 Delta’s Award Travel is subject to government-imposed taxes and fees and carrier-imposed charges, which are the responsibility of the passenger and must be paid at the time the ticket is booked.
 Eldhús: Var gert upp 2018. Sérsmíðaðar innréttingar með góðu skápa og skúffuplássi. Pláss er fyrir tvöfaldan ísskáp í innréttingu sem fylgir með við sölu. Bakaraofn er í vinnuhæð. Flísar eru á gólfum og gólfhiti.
-- -- --
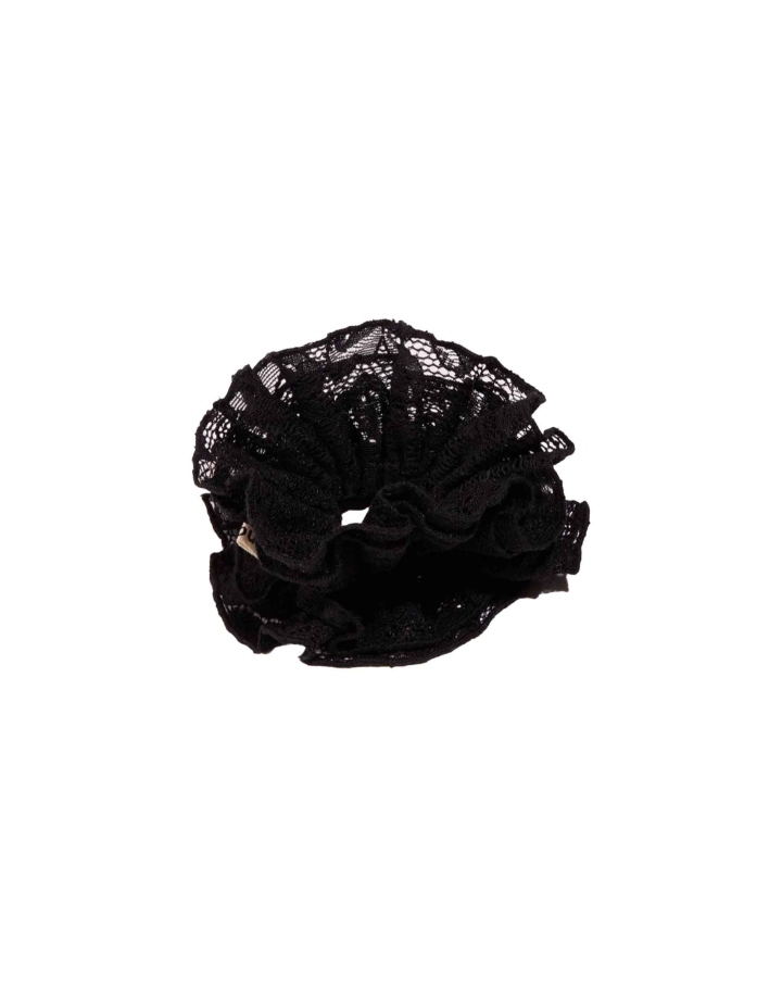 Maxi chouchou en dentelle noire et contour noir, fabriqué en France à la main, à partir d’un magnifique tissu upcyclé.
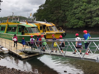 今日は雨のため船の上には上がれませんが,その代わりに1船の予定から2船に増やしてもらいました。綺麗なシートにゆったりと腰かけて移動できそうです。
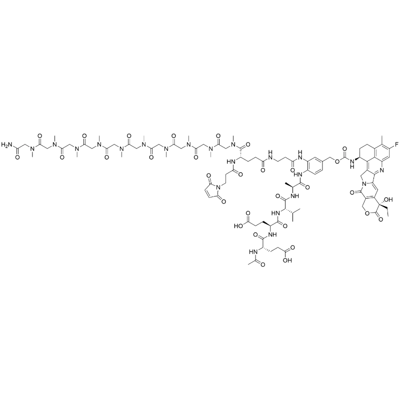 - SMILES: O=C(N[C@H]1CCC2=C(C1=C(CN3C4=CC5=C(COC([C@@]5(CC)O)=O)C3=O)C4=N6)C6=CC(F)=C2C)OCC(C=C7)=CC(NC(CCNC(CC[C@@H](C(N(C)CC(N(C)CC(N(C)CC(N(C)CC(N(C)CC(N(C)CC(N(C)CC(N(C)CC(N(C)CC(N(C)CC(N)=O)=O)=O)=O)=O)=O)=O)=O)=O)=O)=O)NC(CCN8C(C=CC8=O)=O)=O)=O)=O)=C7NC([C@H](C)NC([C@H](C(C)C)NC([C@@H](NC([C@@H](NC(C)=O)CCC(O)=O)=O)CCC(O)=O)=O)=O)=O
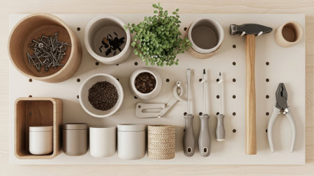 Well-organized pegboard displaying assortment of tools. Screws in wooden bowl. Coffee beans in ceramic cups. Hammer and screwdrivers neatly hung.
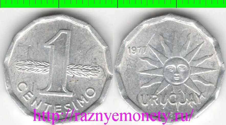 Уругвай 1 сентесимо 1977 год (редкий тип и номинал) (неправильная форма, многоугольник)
-- -- --
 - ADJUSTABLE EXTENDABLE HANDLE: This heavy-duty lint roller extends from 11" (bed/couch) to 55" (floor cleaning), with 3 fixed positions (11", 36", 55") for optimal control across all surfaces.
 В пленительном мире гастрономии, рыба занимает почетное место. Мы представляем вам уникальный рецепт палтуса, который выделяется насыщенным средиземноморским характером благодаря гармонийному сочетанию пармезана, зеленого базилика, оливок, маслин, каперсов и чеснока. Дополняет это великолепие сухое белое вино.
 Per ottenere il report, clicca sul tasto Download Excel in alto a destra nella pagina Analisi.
-- -- --
### Activity
An exact, complete copy of the lines above from the one with "Delta’s Award Travel" through the one with "Eldhús: Var gert" is the whole answer.

### Response area
 Delta’s Award Travel is subject to government-imposed taxes and fees and carrier-imposed charges, which are the responsibility of the passenger and must be paid at the time the ticket is booked.
 Eldhús: Var gert upp 2018. Sérsmíðaðar innréttingar með góðu skápa og skúffuplássi. Pláss er fyrir tvöfaldan ísskáp í innréttingu sem fylgir með við sölu. Bakaraofn er í vinnuhæð. Flísar eru á gólfum og gólfhiti.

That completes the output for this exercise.